Kinnamon School Visitor Center – Ganawendamang Ezhibimaadiziyand (“Keeping Our Way of Life”)

In the fall of 2015, the Lac Courte Oreilles Band (LCO) of Lake Superior Chippewa completed the historical renovation of the old Kinnamon School. In 1932, the Kinnamon School was constructed and centrally located on the reservation, providing public instruction until its closing in 1967, when a new public school was built. The Kinnamon School served as the first integrated public school on the reservation in the post-Indian Boarding School era, educating many Native children without the trauma of forced relocation to regional Indian Boarding Schools.

Over the next fifty years, the building deteriorated from neglect, becoming an embarrassment to the community. HUD funding saving this historic building from inevitable demolition. From the onset, the Tribe held a vision for the renovation of the Kinnamon School, included transforming the building into a visitor center that encapsulated Lac Courte Oreilles history. Fortunately, the Cultural Resources Fund provided the start-up funding needed to acquire cultural displays.

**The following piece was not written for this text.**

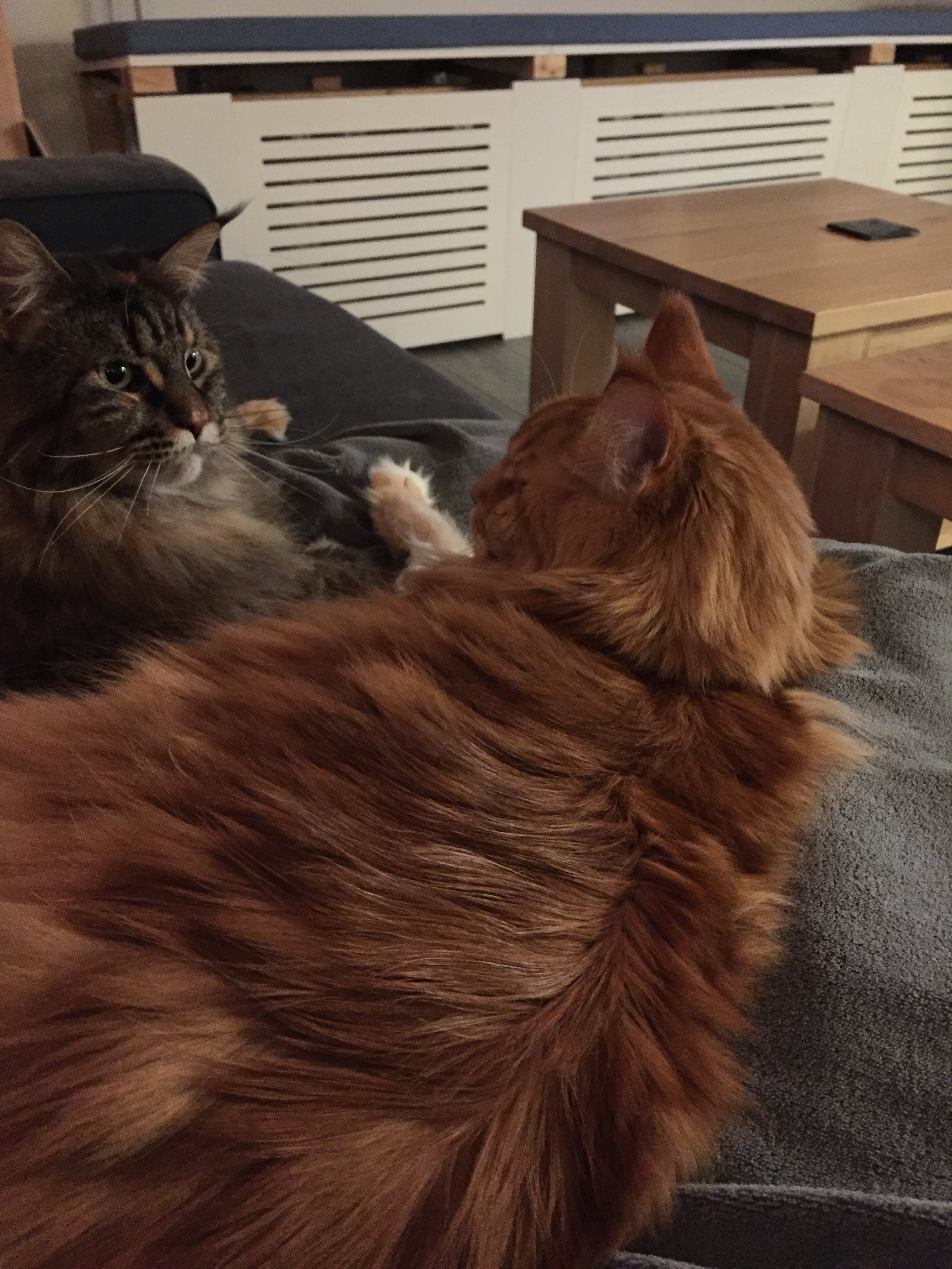 Aaaah cuties! Wij hebben thuis ook een Maine coon en als ik uit huis ga (ooit), wil ik ook 2 coontjes

The Phase 1 grant provided the Lac Courte Oreilles Tribe with start-up capital for the acquisition of both contemporary and traditional items. These items are now on display at the Kinnamon School Visitor Center. Over 100 items were purchased from local LCO artisans and collectors, including contemporary birch bark basketry, beaded items, fish decoys, wild ricing sticks, moccasins, beaver hide shield displays, hand carved flutes and pipes. Some of our most prominent traditional items were purchased from an LCO Tribal elder, Dr. John Anderson, who was terminally ill and subsequently passed on. These items included a 500-year- old (est.) copper knife that was given to Mr. Anderson by Henry Buffalo in 1955, an eagle feather-butterfly back bustle made in 1975, a rawhide shield, a lacrosse stick that was used in the Veterans’ games at the Honor the Earth Pow Wow in 1985, and a basswood cradleboard that was crafted in the late 60’s by a traditional artist.

Touring the Kinnamon School Visitor Center, visitors visually capture the beautiful handcrafted artwork exhibits that were purchased with Phase 1 funds.  Visitor have commented that the artistic abilities of our local artisans and intricacy of their work is amazing. The renovation of the building and the acquisition of culturally relevant items to place on display have restored a sense of pride within the LCO community. An unexpected occurrence in the project was local artists’ excitement generated by this opportunity.  One of the most amazing benefits that resulted from this funding was the identification of artists who were not previously known as local artisans. We plan to involve these artists in workshops, and to sell their crafts on consignment. Additionally, John Marxhauser Jewelry Design graciously donated casework and display case items that enhanced the aesthetics of the facility tremendously.

We plan to add to our inventory by repatriating culturally affiliated items currently in the collections of various regional museums.